One of the best predictors of what may happen to your business tomorrow is what happened to your peers yesterday. If you are gathering threat intelligence about how adversaries target similar organizations, as well as the behaviors and techniques they apply, then you learn from them and incorporate those lessons into your defensive strategy. This helps create a more robust security posture, with a broader view and more actionable data, without needing to learn from experience—a much harder and more costly way to learn.

Today’s threat intelligence would suggest, for example, that identity is a top attack surface. Most modern breaches involve an identity-related threat , whether it’s credential stuffing, a phishing email to capture credentials, or an access broker selling users’ identities on the dark web. Identity is the new perimeter, especially with more employees working remotely. If you’re not taking appropriate steps to lower your risk, there’s a greater chance an adversary will exploit it.

The same logic applies to other potential attack vectors, such as vulnerability exploitation. All security decisions your organization makes should be based on your understanding of how today’s adversaries may target your organization.

Good Security Hygiene Shrinks the Attack Surface

Minimizing the attack surface is crucial in ransomware defense, and good security hygiene provides network transparency and a bird’s eye view of what’s happening in your environment. This visibility is valuable, as unpatched applications and operating systems pose a serious risk. By identifying outdated and unpatched resources, you can proactively address problems that might later have a hefty cost. Account monitoring, another component of good hygiene, lets you see who is working in the environment and ensure they’re not abusing their permissions.

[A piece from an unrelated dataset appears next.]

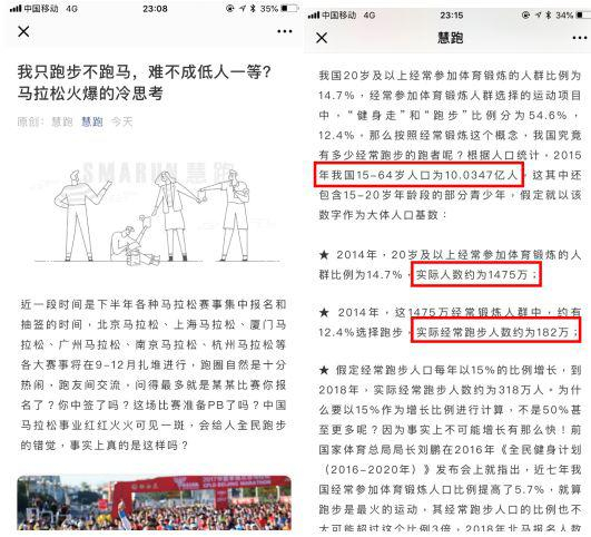 作为一个以理性为主要特征的跑步自媒体,慧跑一直秉承科学、客观的态度看待跑步,服务大众跑者。昨天的文章《我只跑步不跑马,难不成低人一等?马拉松火爆的冷思考》有跑者指出我们计算出现失误,造成数字错误。

The post-exploitation element of the attack lifecycle (how the adversary moves laterally, elevates privileges, etc.) is also a critical juncture where defenders have a last chance to stop the data breach. Throughout an attack that culminates in ransomware deployment, adversaries will often use multiple living-off-the-land techniques. These may include, but are not limited to, the use of PowerShell, Command Line, PSExec, RDP Brute Forcing, or even the abuse of legitimate network administration tools. All of these are malware-free techniques that adversaries have demonstrated competency in using: CrowdStrike’s Global Threat Report found 62% of cyberattacks were malware-free last year. It is for this reason that defensive capabilities such as threat hunting are critical to stopping attackers during the post-exploitation phase.

A multi-faceted approach to security is critical to stop today’s ransomware operators before they can do serious damage in your enterprise environment. Organizations must rethink and expand their security strategies to include Zero Trust, threat intelligence and proper security hygiene—all components that can help determine where attackers might strike and stop a breach from happening.